TERMINATION CERTIFICATION

 

This is to certify that I do not have in my possession, nor have I failed to return, any devices, records, data, notes, reports, proposals, lists, correspondence, specifications, drawings, blueprints, sketches, laboratory notebooks, flow charts, materials, equipment, other documents or property, or copies or reproductions of any aforementioned items belonging to Actinium Pharmaceuticals, Inc., its subsidiaries, affiliates, successors or assigns (together the “Company”).

 

I further certify that I have complied with all the terms of the Company’s Confidential Information and Invention Assignment Agreement signed by me, including the reporting of any inventions and original works of authorship (as defined therein), conceived or made by me (solely or jointly with others) covered by that agreement.

 

I further agree that, in compliance with the Confidential Information and Invention Assignment Agreement, I will preserve as confidential all trade secrets, confidential knowledge, data or other proprietary information relating to products, processes, know-how, designs, formulas, developmental or experimental work, computer programs, data bases, other original works of authorship, customer lists, business plans, financial information or other subject matter pertaining to any business of the Company or any of its employees, clients, consultants or licensees.

 

I further agree that for twenty-four (24) months from the date of this Certificate, I shall not either directly or indirectly solicit, induce, recruit or encourage any of the Company’s employees or consultants to terminate their relationship with the Company, or attempt to solicit, induce, recruit, encourage or take away, hire, or otherwise engage the services of employees or consultants of the Company, either for myself or for any other person or entity.
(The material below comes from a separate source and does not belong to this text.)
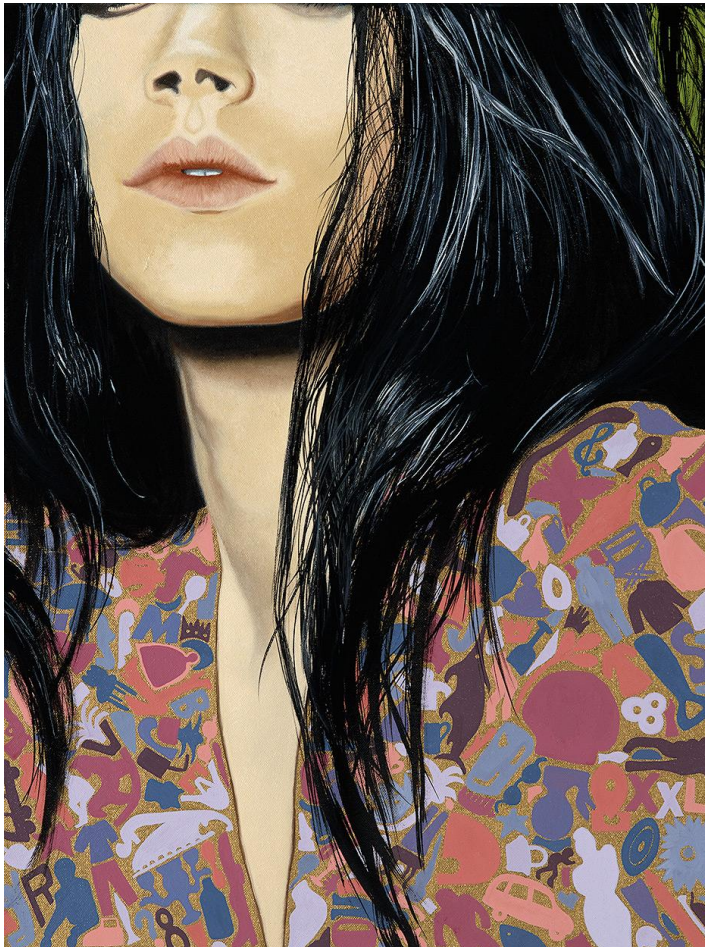
BOETTI (sold) 2013, Series: Torsos Oil on canvas, 24 x 18.1 inches

Further, I shall not at any time use any Confidential Information of the Company to negatively influence any of the Company’s clients or customers from purchasing Company products or services or to solicit or influence or attempt to influence any client, customer or other person either directly or indirectly, to direct his or its purchase of products and/or services to any person, firm, corporation, institution or other entity in competition with the business of the Company.